## WHAT THE TASK ASKS
Each record that follows should be duplicated exactly, except for its pictures.

Records drawn from a dataset:
BEGIN
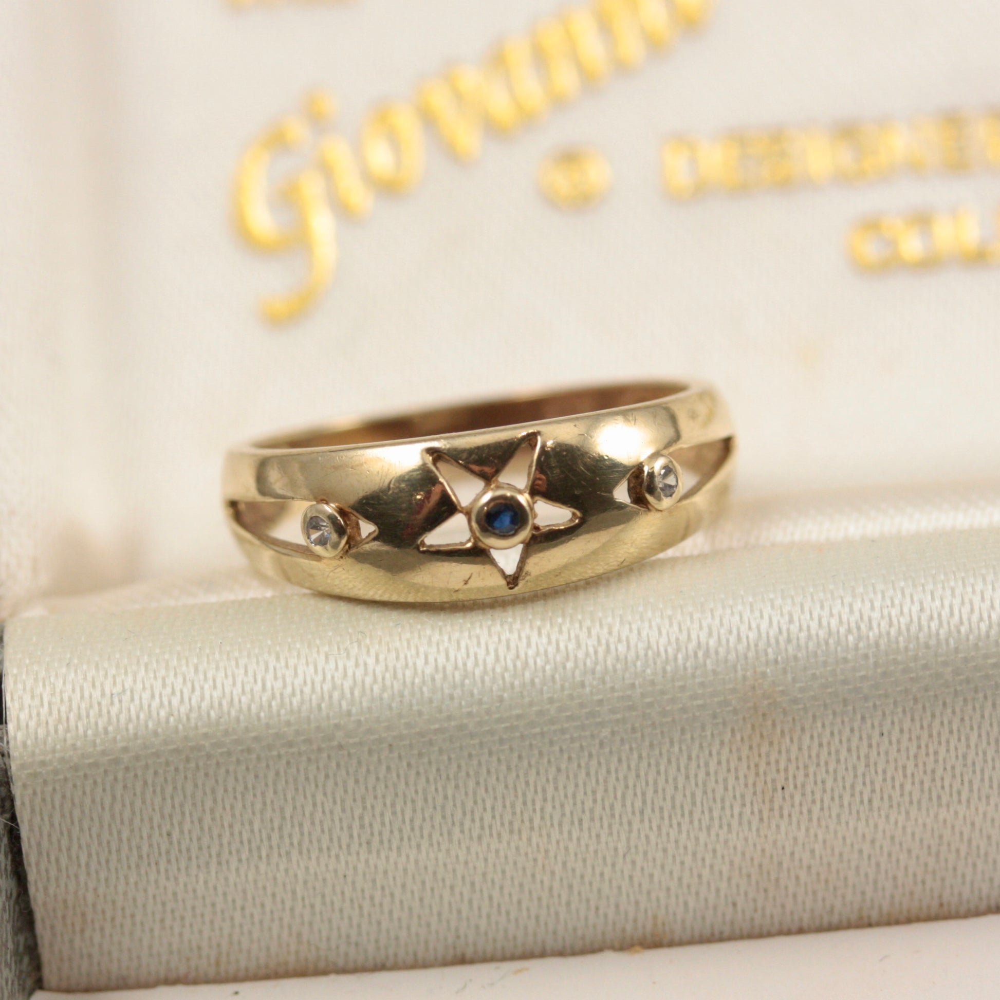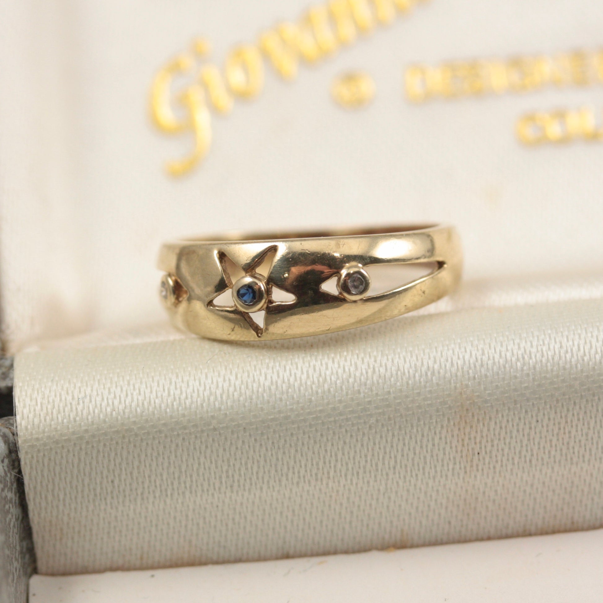 A vintage 9ct yellow gold band style ring, with central cut out star detail and set with tiny blue and colourless lab created spinel.
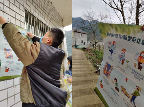 上图是米乐官网工商学院2017级经济学2班周春生同学在粘贴新型冠状肺炎病毒宣传海报的照片。
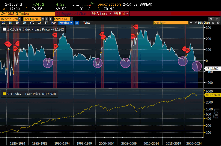 Ovviamente rimarchiamo il fatto che il passato non è certezza del futuro e che l’attuale conteggio è solo previsionale, ma la logica impone che se un numero sostanzioso di economisti (ed i loro relativi modelli) prevedono una recessione, è improbabile che sia blanda come ci vuol far credere la FED, soprattutto con un DOT PLOT di questa portata e con prospettive di un mantenimento nel tempo di tassi alti. Quindi se recessione sarà, si tratterà di un fenomeno significativo per non dire severo.
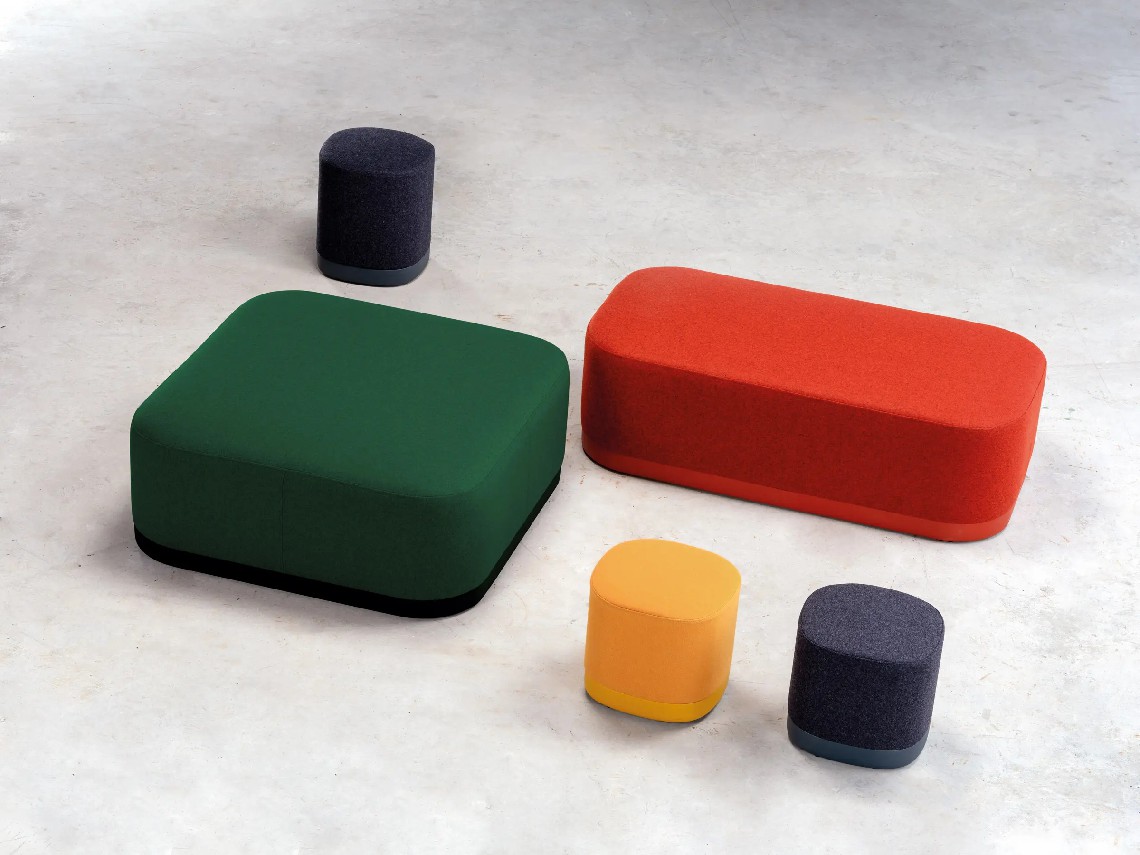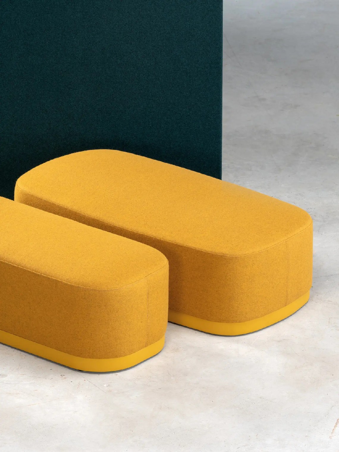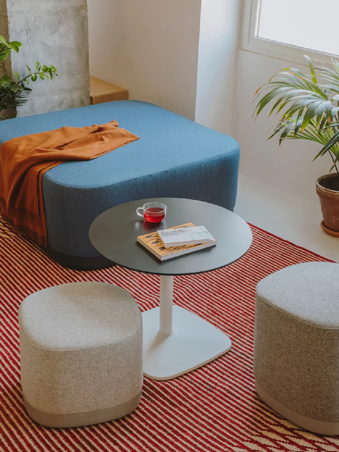 The Puck lounge has an aluminium base lacquered in any of our colours. The seat can be upholstered in one or two fabrics and that the reason why it is possible to combine one, two or three tones in the same lounge. Available in three different sizes, this model is perfect for waiting areas and hotels because unique compositions can be made by using different lounges.
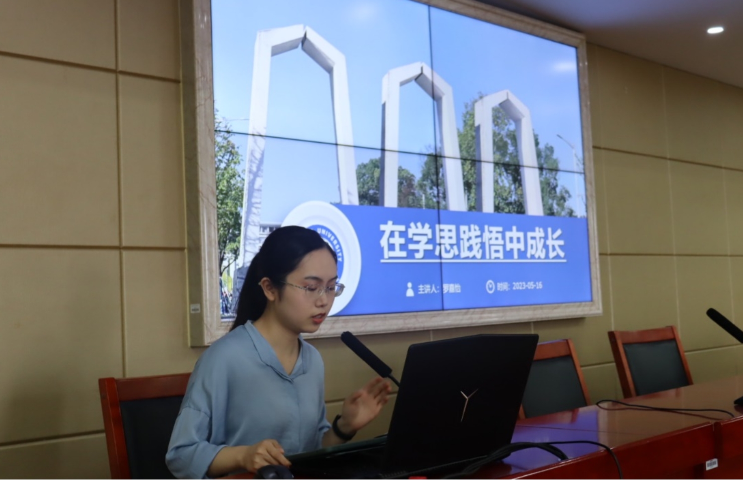 湘潭大学304永利集团罗嘉怡以《在学思践悟中成长》为主题,具体分享从论文的选题、撰写到投稿全过程的心得体会。在论文选题方面,要注意问题意识、创新意识,关注选题意义;在论文撰写方面,要规范学术论文写作、坚持每天的写作训练等;在论文发表方面,罗嘉怡同学向大家推荐了部分征稿信息网站。
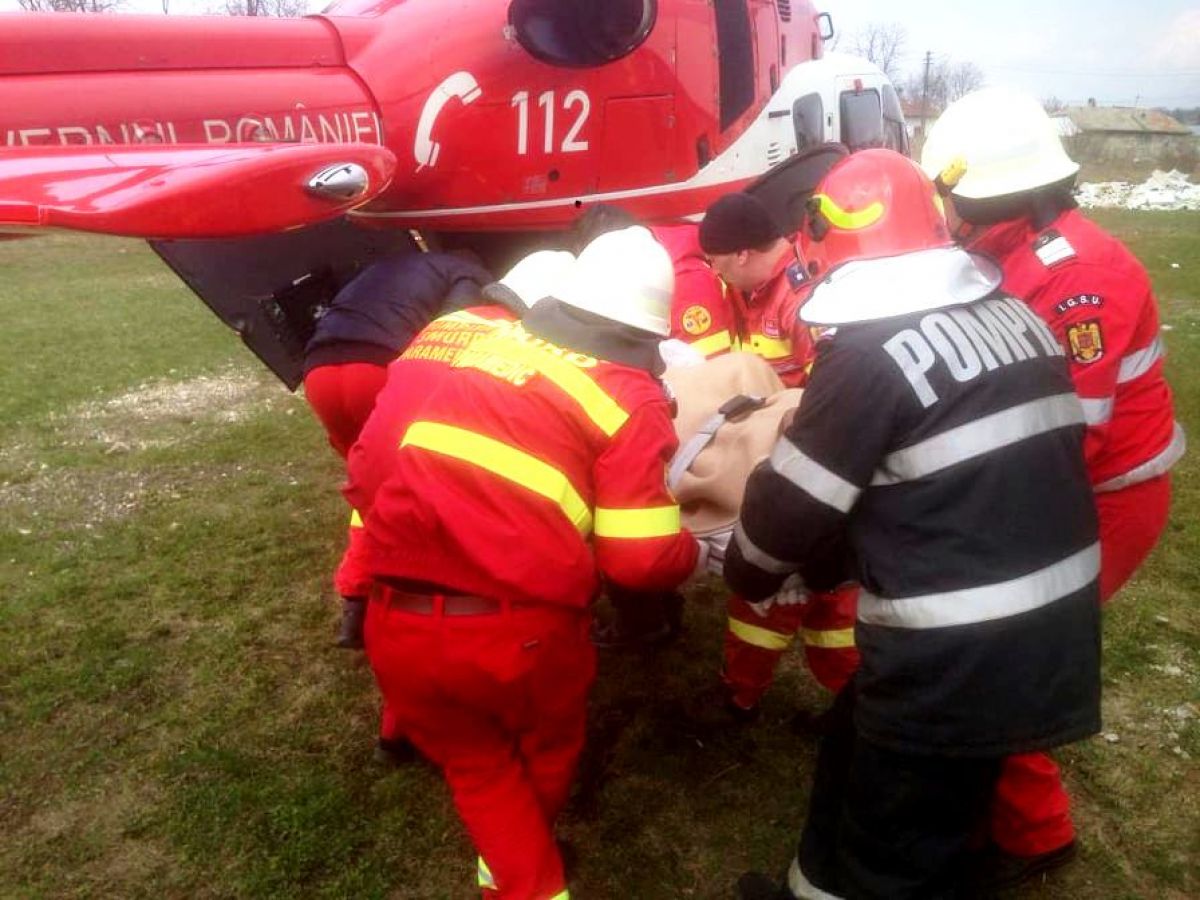 Victima a fost preluată de către echipajul aero-medical, marţi în jurul orei 12.30, de pe stadionul oraşului Săveni .
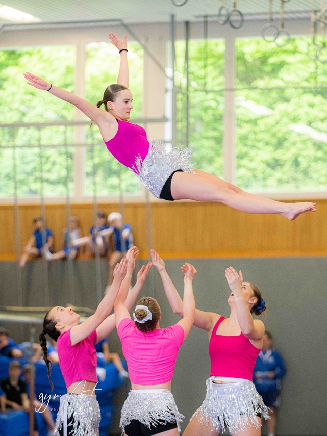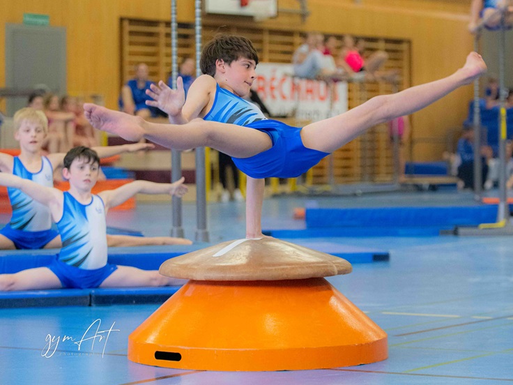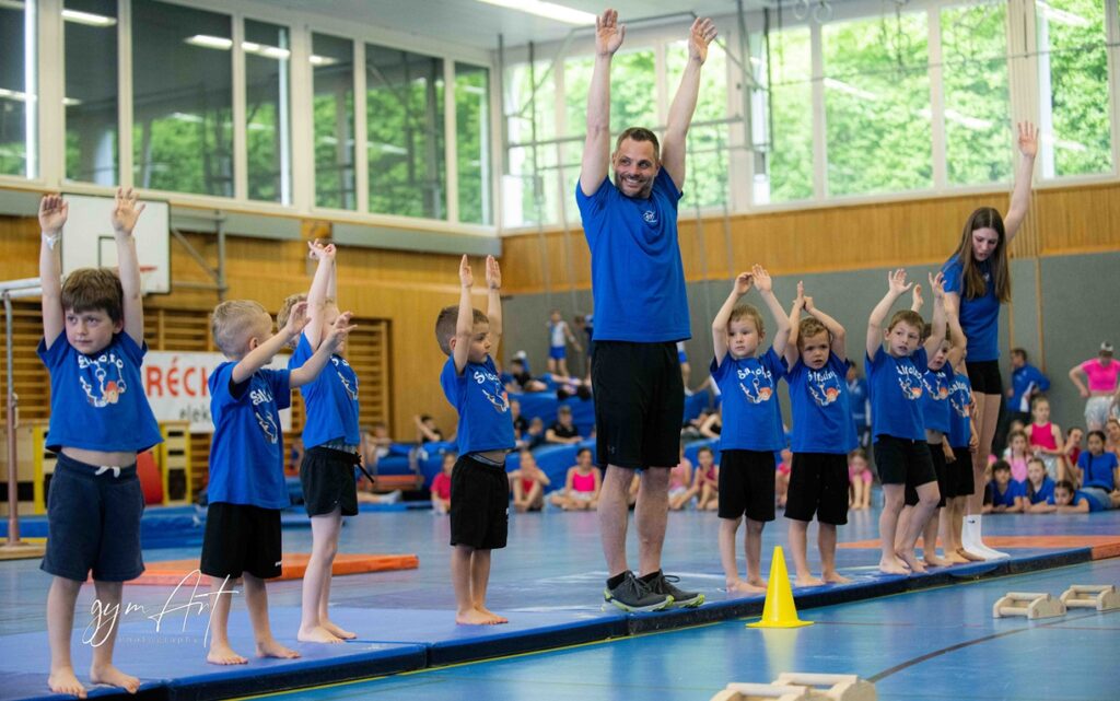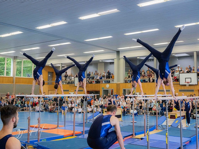 Um das Publikum etwas aufzulockern, animiert Beni Boos mit wenigen Bewegungen zu einer kurzen, eingängigen Melodie zum Mitmachen. Mit Power folgt dann der Barren, nochmals die Kunstturnerinnen und dann die Kunstturner mit vielen Übungen an den Geräten. Das Schlussbouquet macht dann das abschliessende Sprungprogramm.
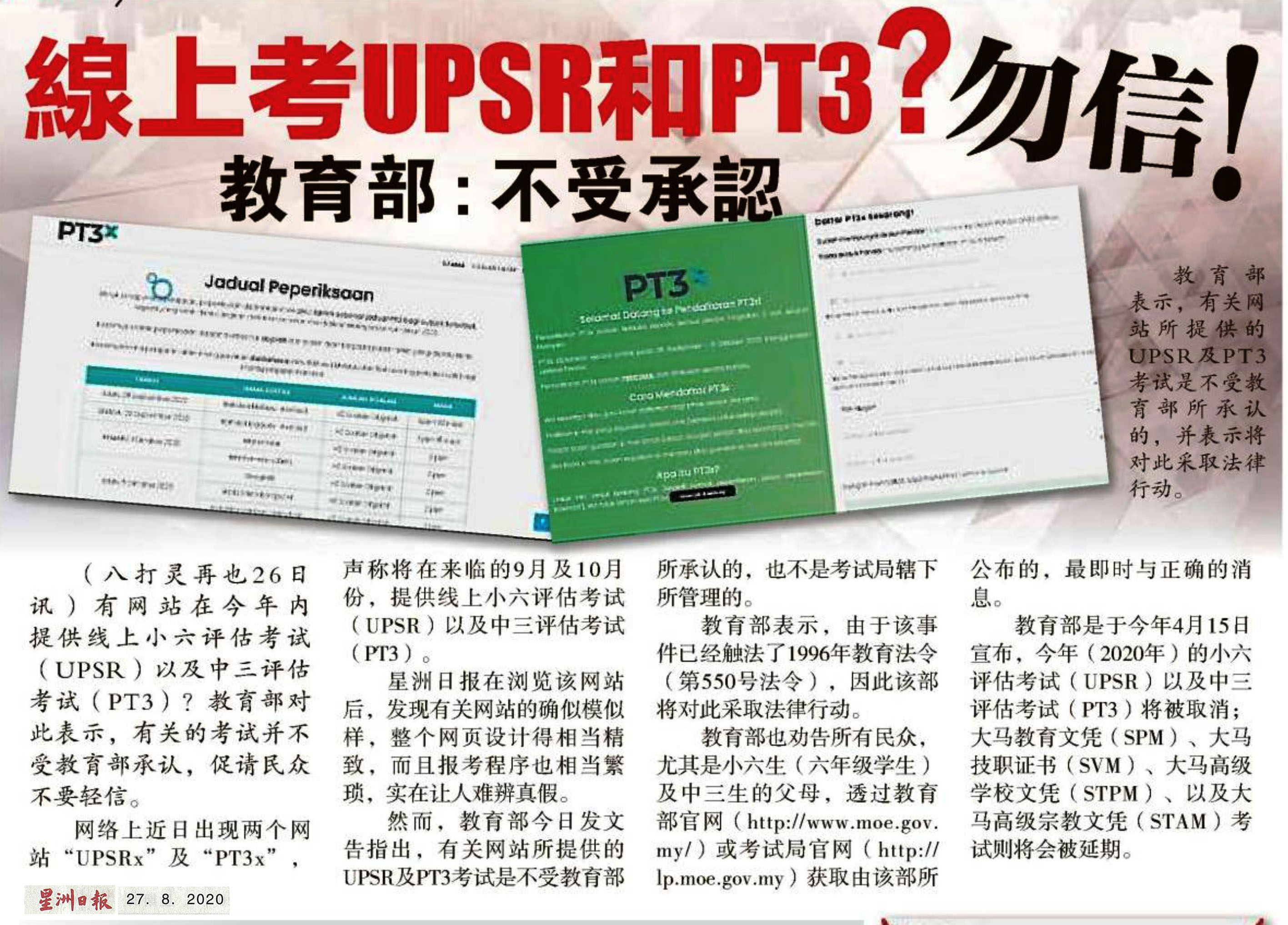 线上考UPSR和PT3?勿信! 教育部:不受承认
END
## EXERCISE SOLUTION
 A vintage 9ct yellow gold band style ring, with central cut out star detail and set with tiny blue and colourless lab created spinel.
 上图是米乐官网工商学院2017级经济学2班周春生同学在粘贴新型冠状肺炎病毒宣传海报的照片。
 Ovviamente rimarchiamo il fatto che il passato non è certezza del futuro e che l’attuale conteggio è solo previsionale, ma la logica impone che se un numero sostanzioso di economisti (ed i loro relativi modelli) prevedono una recessione, è improbabile che sia blanda come ci vuol far credere la FED, soprattutto con un DOT PLOT di questa portata e con prospettive di un mantenimento nel tempo di tassi alti. Quindi se recessione sarà, si tratterà di un fenomeno significativo per non dire severo.
 The Puck lounge has an aluminium base lacquered in any of our colours. The seat can be upholstered in one or two fabrics and that the reason why it is possible to combine one, two or three tones in the same lounge. Available in three different sizes, this model is perfect for waiting areas and hotels because unique compositions can be made by using different lounges.
 湘潭大学304永利集团罗嘉怡以《在学思践悟中成长》为主题,具体分享从论文的选题、撰写到投稿全过程的心得体会。在论文选题方面,要注意问题意识、创新意识,关注选题意义;在论文撰写方面,要规范学术论文写作、坚持每天的写作训练等;在论文发表方面,罗嘉怡同学向大家推荐了部分征稿信息网站。
 Victima a fost preluată de către echipajul aero-medical, marţi în jurul orei 12.30, de pe stadionul oraşului Săveni .
 Um das Publikum etwas aufzulockern, animiert Beni Boos mit wenigen Bewegungen zu einer kurzen, eingängigen Melodie zum Mitmachen. Mit Power folgt dann der Barren, nochmals die Kunstturnerinnen und dann die Kunstturner mit vielen Übungen an den Geräten. Das Schlussbouquet macht dann das abschliessende Sprungprogramm.
 线上考UPSR和PT3?勿信! 教育部:不受承认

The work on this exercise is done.